### WHAT TO DO
Using the material below, repeat exactly the lines from the one with "поддержки $75,000. Crypto Headlines" through the one with "3. Place template", ends included, without any images.

### PROVIDED MATERIAL
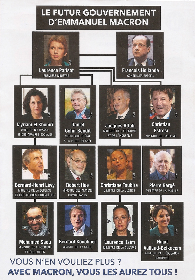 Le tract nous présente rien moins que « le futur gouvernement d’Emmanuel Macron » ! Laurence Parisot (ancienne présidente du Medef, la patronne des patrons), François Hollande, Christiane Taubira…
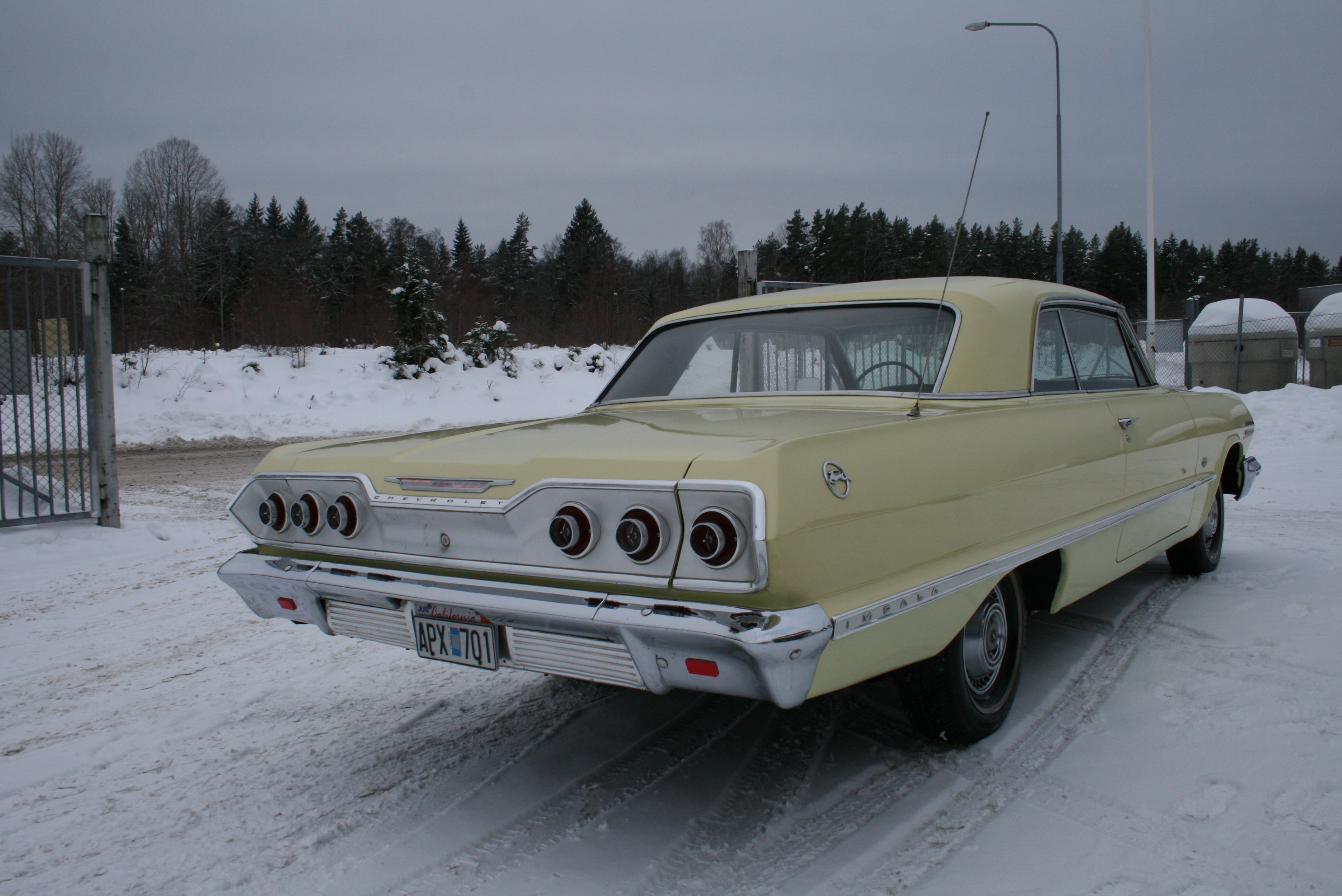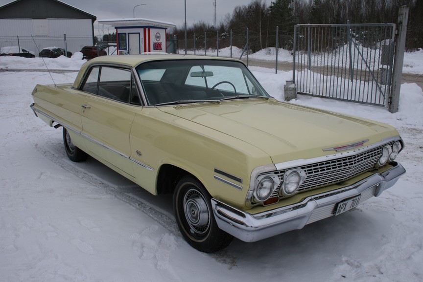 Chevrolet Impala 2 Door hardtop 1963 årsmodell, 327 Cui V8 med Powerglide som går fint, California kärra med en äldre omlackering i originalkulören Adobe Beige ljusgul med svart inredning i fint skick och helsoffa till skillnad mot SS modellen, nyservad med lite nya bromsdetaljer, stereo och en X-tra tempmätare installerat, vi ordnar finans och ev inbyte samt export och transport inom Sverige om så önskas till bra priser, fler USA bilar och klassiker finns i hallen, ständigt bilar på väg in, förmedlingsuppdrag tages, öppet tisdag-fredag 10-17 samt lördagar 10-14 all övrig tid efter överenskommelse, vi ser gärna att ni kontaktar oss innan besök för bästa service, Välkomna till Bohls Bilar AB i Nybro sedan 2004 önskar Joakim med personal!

==

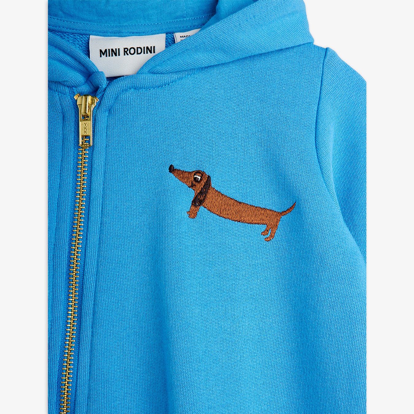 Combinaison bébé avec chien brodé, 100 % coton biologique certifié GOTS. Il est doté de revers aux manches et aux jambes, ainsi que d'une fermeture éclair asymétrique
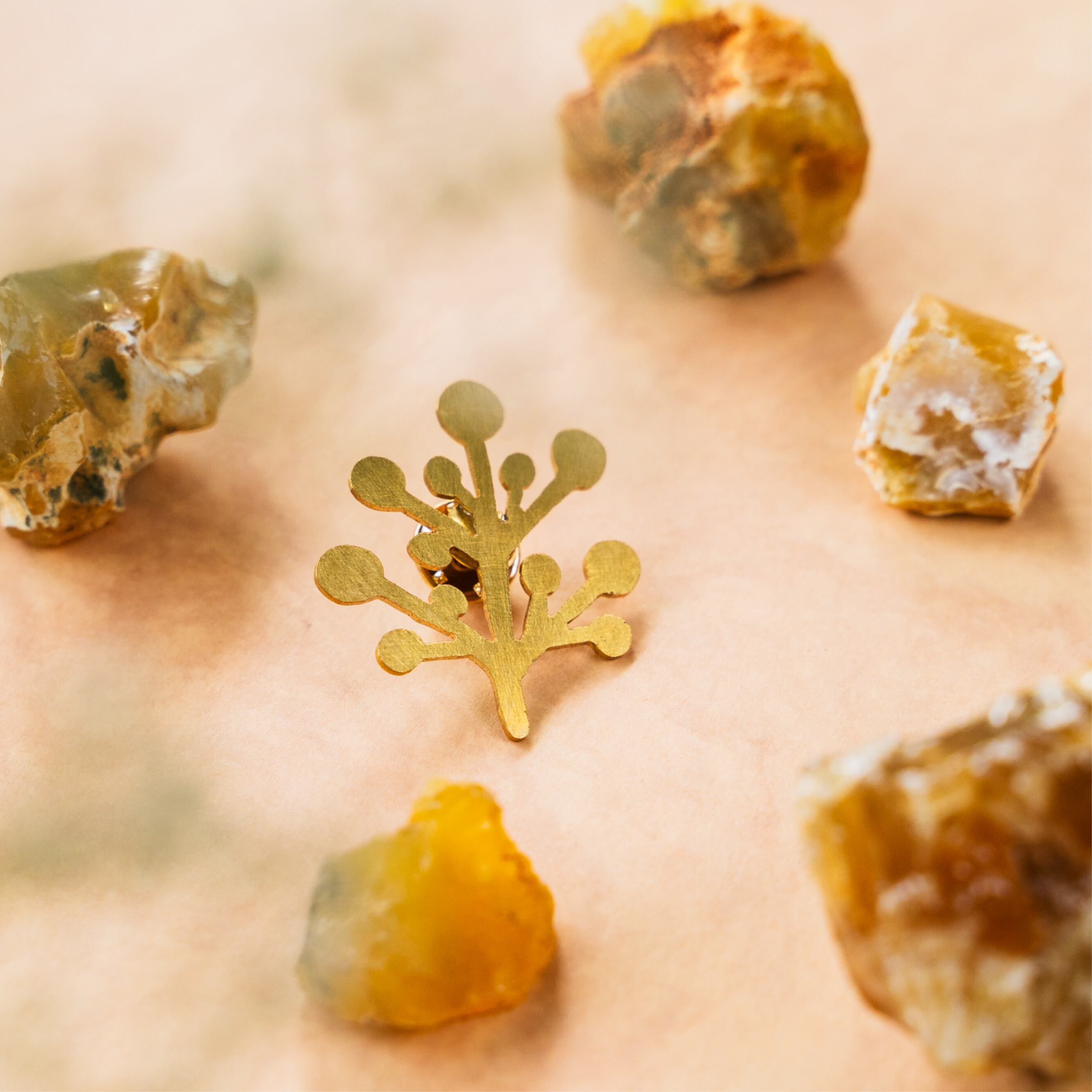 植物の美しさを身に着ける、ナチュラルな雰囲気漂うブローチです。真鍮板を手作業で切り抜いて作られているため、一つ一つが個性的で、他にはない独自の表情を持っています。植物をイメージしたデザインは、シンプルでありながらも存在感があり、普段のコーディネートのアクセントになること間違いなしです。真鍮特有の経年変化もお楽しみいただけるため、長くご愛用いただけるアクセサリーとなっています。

--

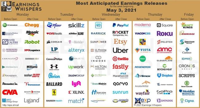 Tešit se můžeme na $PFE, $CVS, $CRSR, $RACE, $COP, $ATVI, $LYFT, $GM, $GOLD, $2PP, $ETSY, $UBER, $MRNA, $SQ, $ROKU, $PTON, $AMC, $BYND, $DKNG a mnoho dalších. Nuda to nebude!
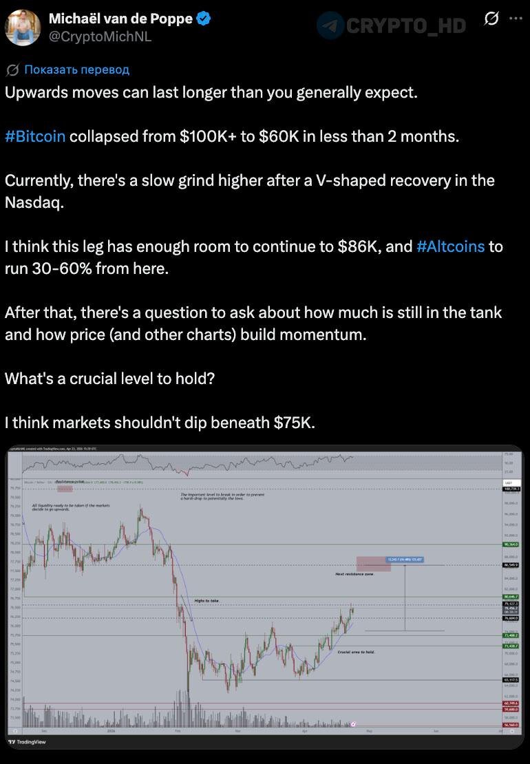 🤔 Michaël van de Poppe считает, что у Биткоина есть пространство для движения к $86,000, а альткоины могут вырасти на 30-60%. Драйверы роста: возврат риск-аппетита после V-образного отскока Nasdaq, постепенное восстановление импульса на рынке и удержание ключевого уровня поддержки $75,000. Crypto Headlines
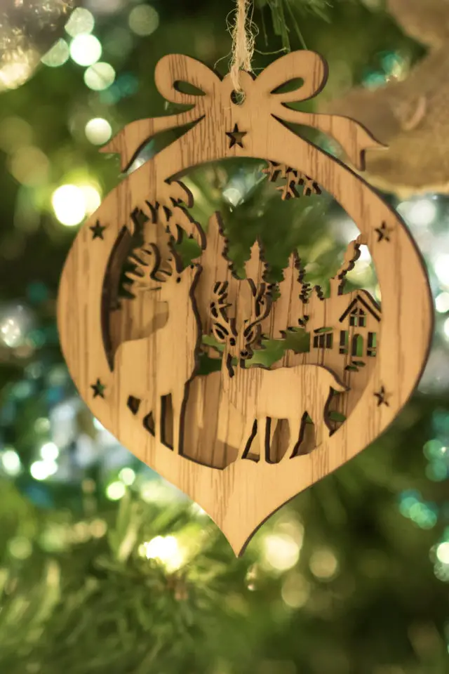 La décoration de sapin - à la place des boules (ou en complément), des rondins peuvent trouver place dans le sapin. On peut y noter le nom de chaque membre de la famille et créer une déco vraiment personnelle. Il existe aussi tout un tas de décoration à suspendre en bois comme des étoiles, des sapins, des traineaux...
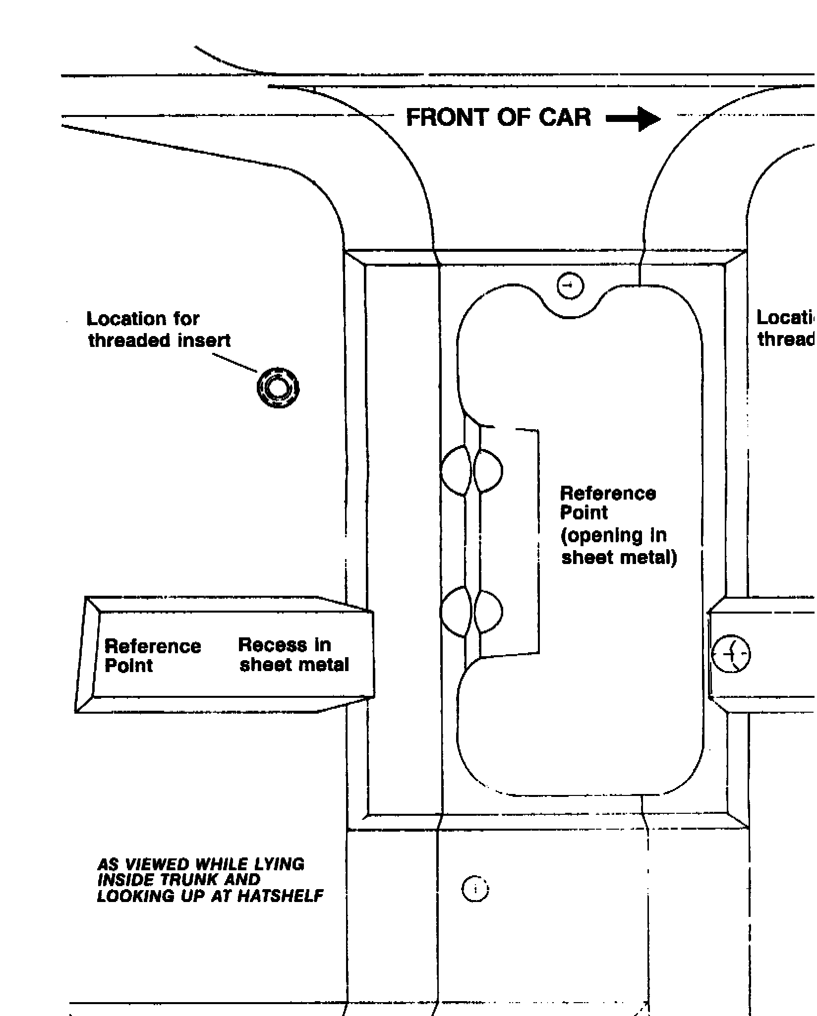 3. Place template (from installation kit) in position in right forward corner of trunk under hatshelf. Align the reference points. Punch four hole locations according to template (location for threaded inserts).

### TASK OUTPUT
 🤔 Michaël van de Poppe считает, что у Биткоина есть пространство для движения к $86,000, а альткоины могут вырасти на 30-60%. Драйверы роста: возврат риск-аппетита после V-образного отскока Nasdaq, постепенное восстановление импульса на рынке и удержание ключевого уровня поддержки $75,000. Crypto Headlines
 La décoration de sapin - à la place des boules (ou en complément), des rondins peuvent trouver place dans le sapin. On peut y noter le nom de chaque membre de la famille et créer une déco vraiment personnelle. Il existe aussi tout un tas de décoration à suspendre en bois comme des étoiles, des sapins, des traineaux...
 3. Place template (from installation kit) in position in right forward corner of trunk under hatshelf. Align the reference points. Punch four hole locations according to template (location for threaded inserts).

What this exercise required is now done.